- THE PROBLEM
If a line below falls between the line with "2020年第三季度全球前十大晶圓代工廠營收預測排名" and the line with "Freshwater Pearls With", or is one of those two, output it exactly; output nothing else and no pictures.
··· SUPPLIED MATERIAL
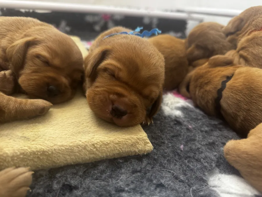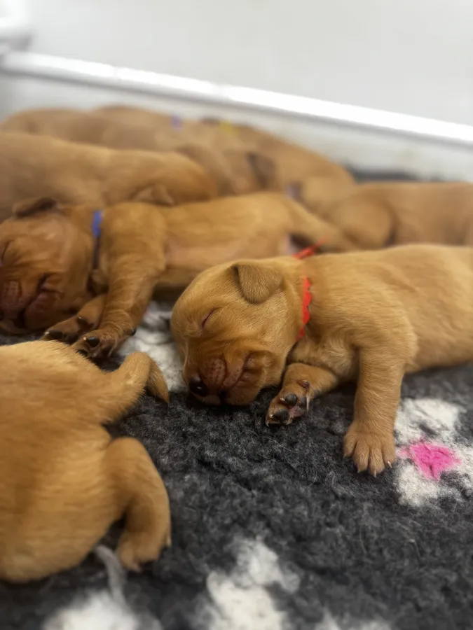 Mo, my beautiful Fox Red Labrador, gave birth on 4th November to a litter of 9 Labradors.  Dad, Jason, is striking red Labrador. Out of which I have 6 red boys and 1 red girl available.
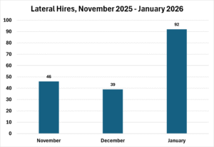 January was a particular active month for lateral hiring in DC, as 92 partner and counsel moves were reported, up from 39 in December. The number is also significantly higher than the 57 moves reported in January 2025.
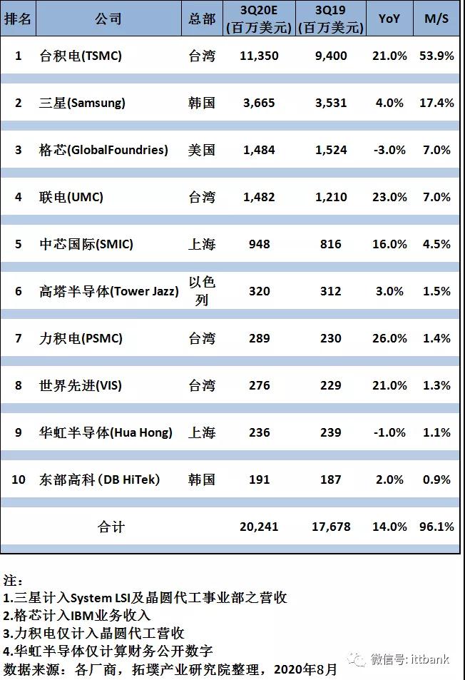 2020年第三季度全球前十大晶圓代工廠營收預測排名
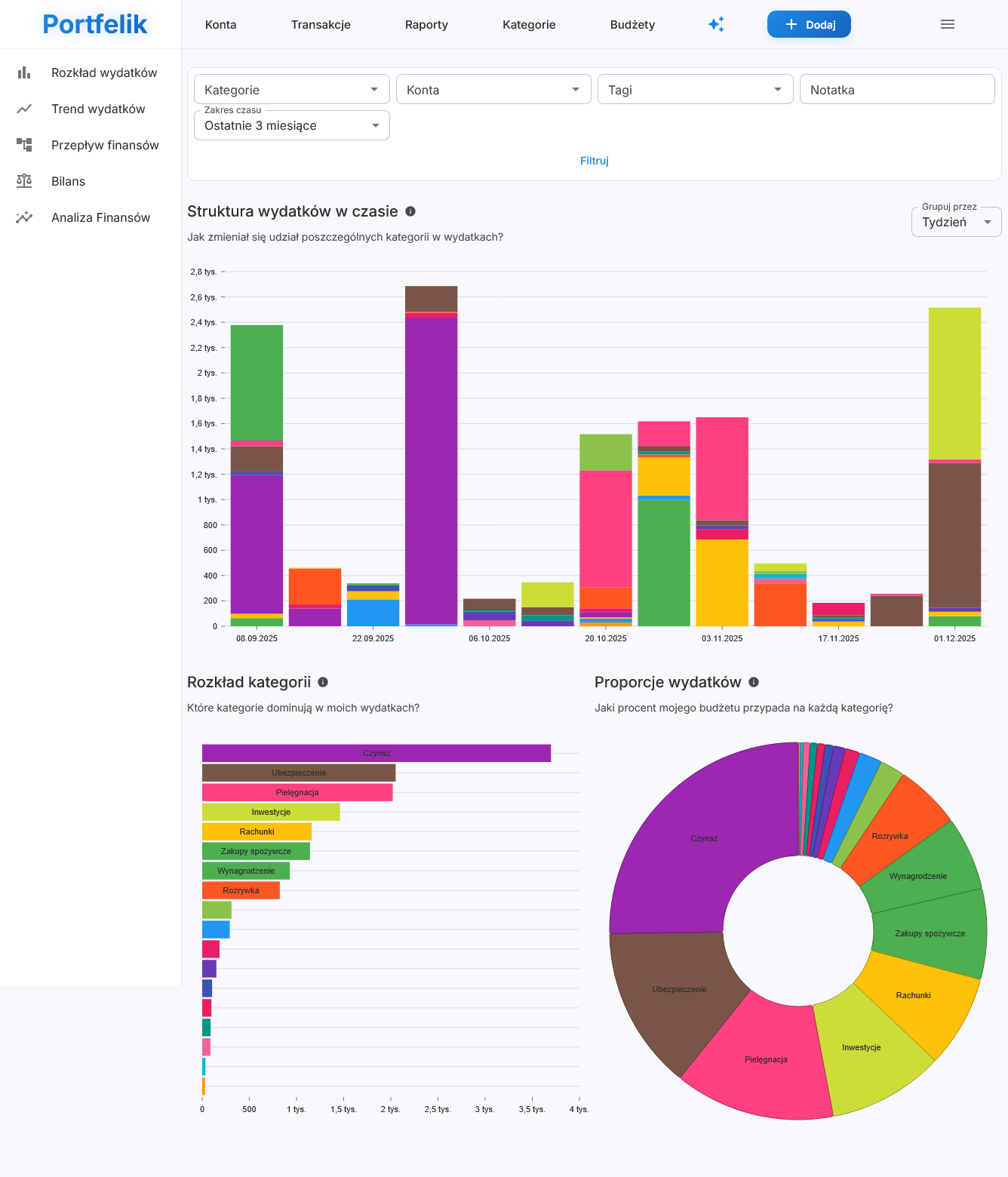 Wizualizuj swoje wzorce wydatków dzięki pięknym, intuicyjnym wykresom, które pomogą Ci zrozumieć, na co idą Twoje pieniądze.
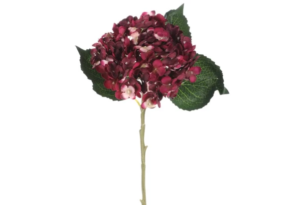 Umělá květina hortenzie s bordó květy skvěle doplní Vaše stávající květinové aranžmá. Hortenzie ve váze bude vypadat krásně po celý rok. Výška 50 cm.
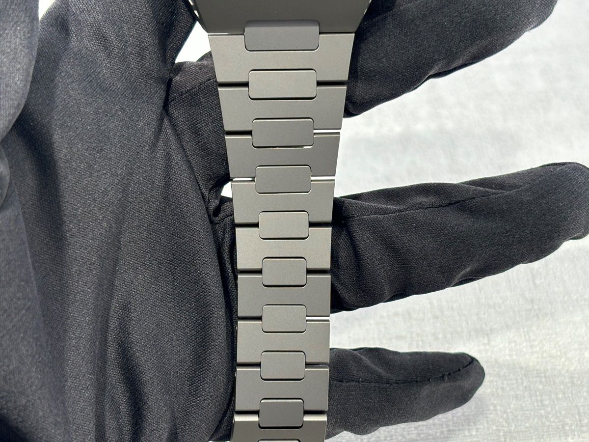 ステンレス製と同じようにしなやかで腕にフィットするつくりはそのまま、艶がなく通常のステンレス製ブレスや今年の新作のセラミックブレスとはまた違う輝き方をします。
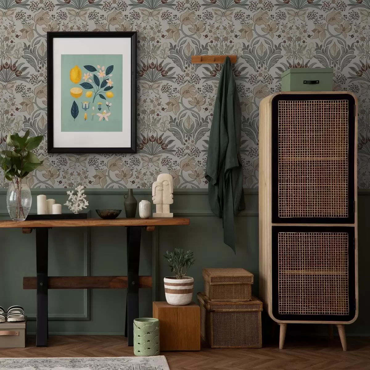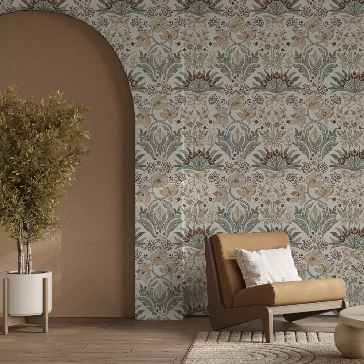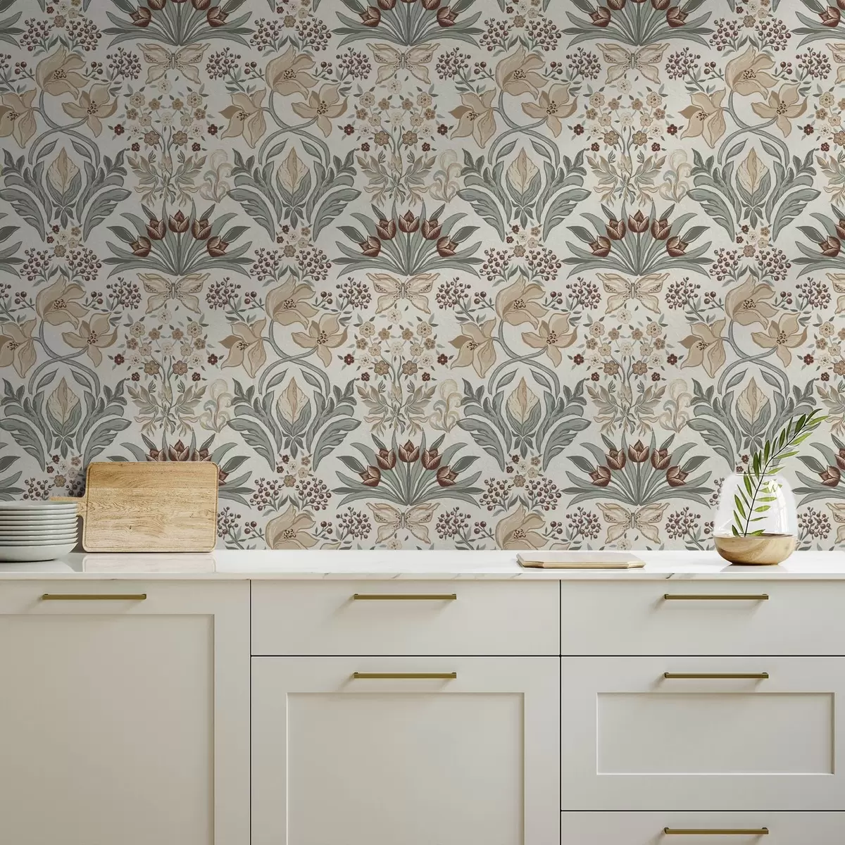 Papel de parede Lírios decorativos e uma borboleta sobre um fundo creme Nr. a00500
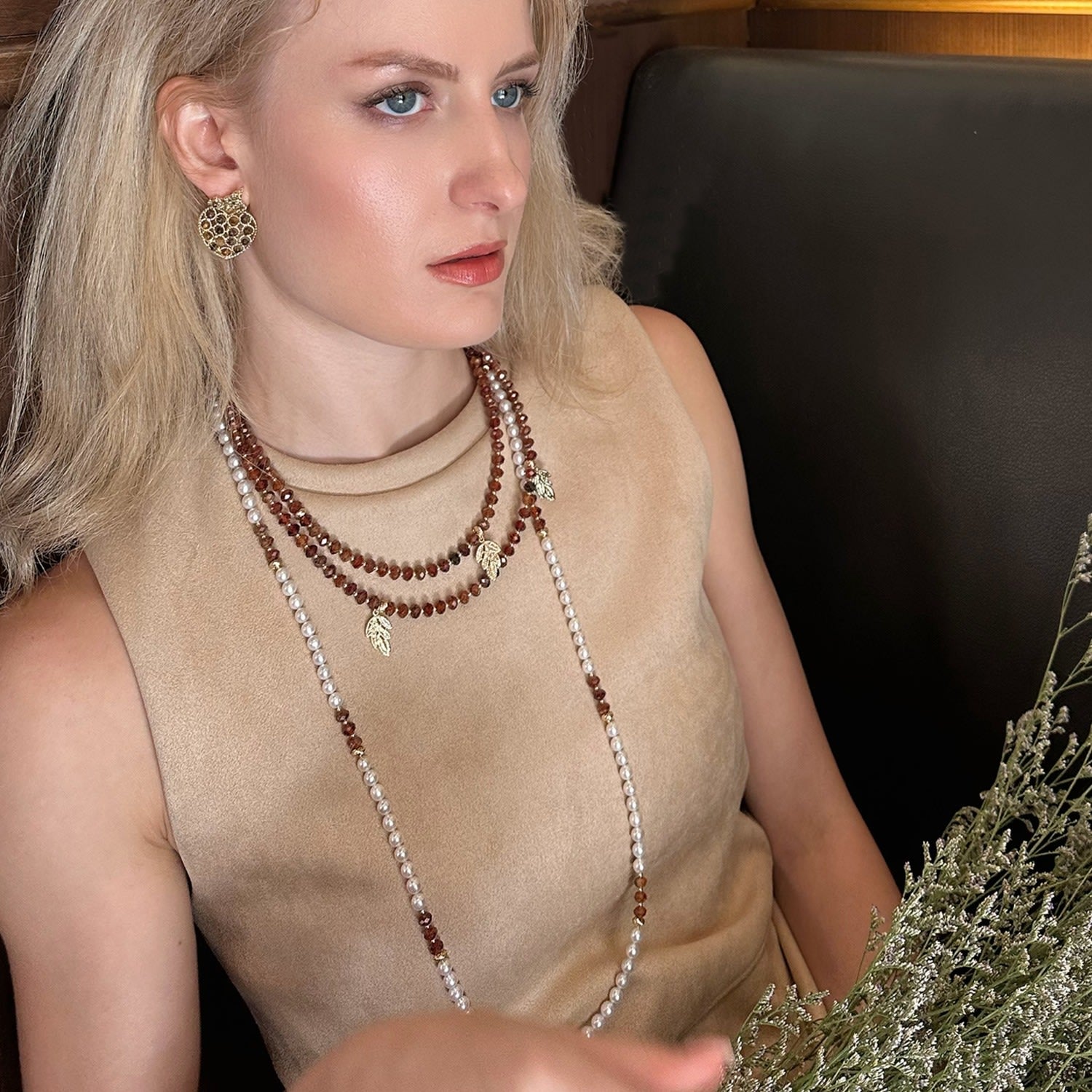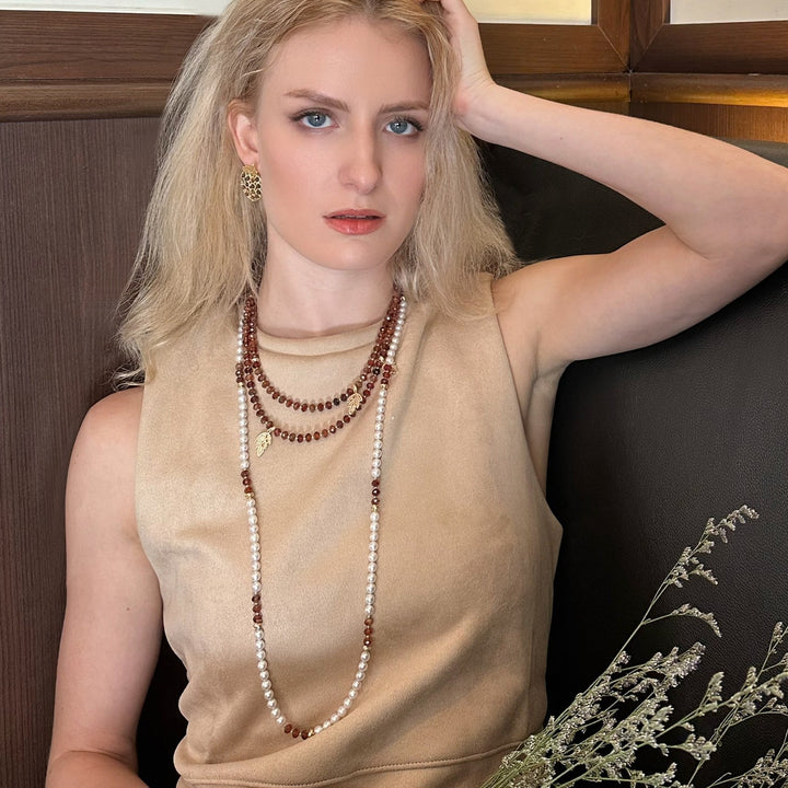 Freshwater Pearls With Orange Natural Garnet Long Necklace
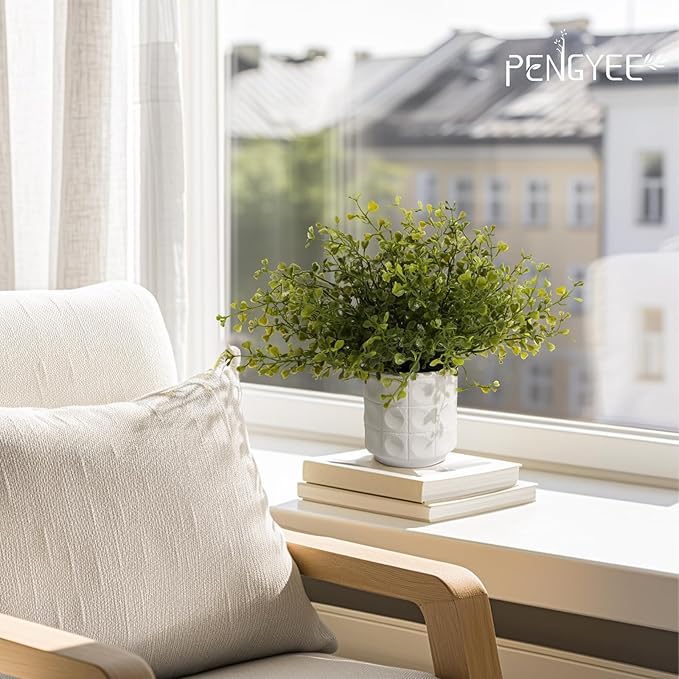 - RUGGED MATERIAL : PENGYEE 4 Pack small fake plants are made of plastic. To make our mini fake desk plants office decor look more realistic, we adopt a unique design to imitate the frosty gray leaves, which is not dirt. Please don't worry about it!
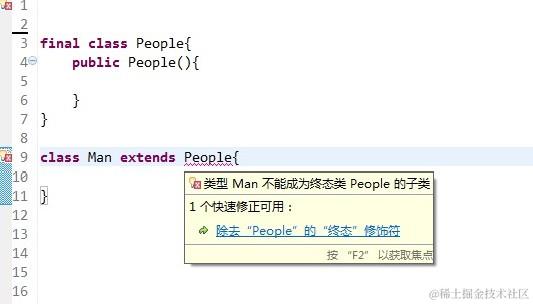 当用final修饰一个类时,表明这个类不能被继承。也就是说,如果一个类你永远不会让他被继承,就可以用final进行修饰。final类中的成员变量可以根据需要设为final,但是要注意final类中的所有成员方法都会被隐式地指定为final方法。
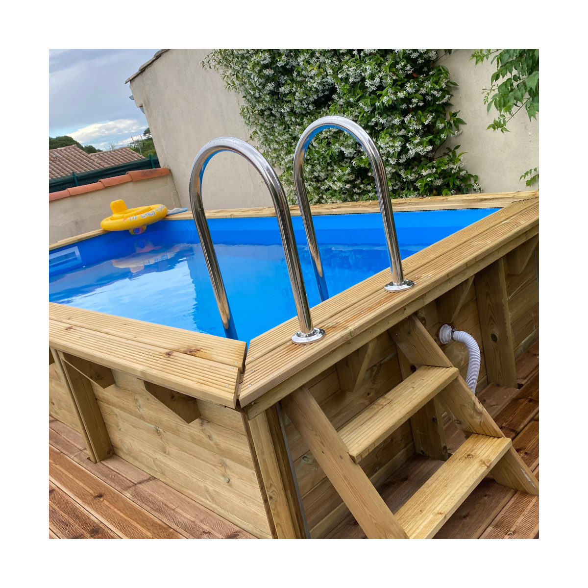 - Échelle amovible en bois et inox, garantissant sécurité et facilité d’accès.
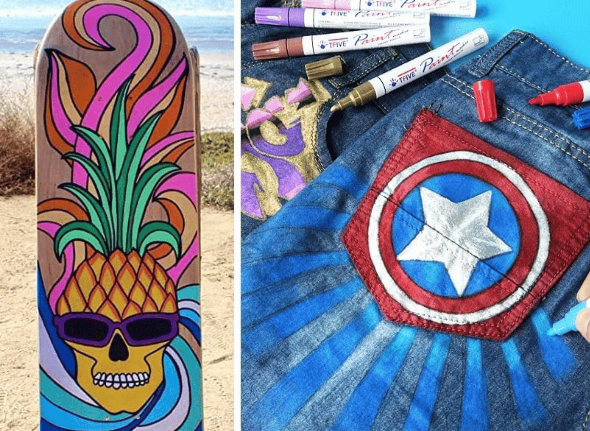 Customizing skateboards, wooden signs, or leather jackets is easy with paint pens. The paint sits on top of the wood grain rather than bleeding into it like a Sharpie would, keeping your lines crisp.
······
- WRITTEN ANSWER
 2020年第三季度全球前十大晶圓代工廠營收預測排名
 Wizualizuj swoje wzorce wydatków dzięki pięknym, intuicyjnym wykresom, które pomogą Ci zrozumieć, na co idą Twoje pieniądze.
 Umělá květina hortenzie s bordó květy skvěle doplní Vaše stávající květinové aranžmá. Hortenzie ve váze bude vypadat krásně po celý rok. Výška 50 cm.
 ステンレス製と同じようにしなやかで腕にフィットするつくりはそのまま、艶がなく通常のステンレス製ブレスや今年の新作のセラミックブレスとはまた違う輝き方をします。
 Papel de parede Lírios decorativos e uma borboleta sobre um fundo creme Nr. a00500
 Freshwater Pearls With Orange Natural Garnet Long Necklace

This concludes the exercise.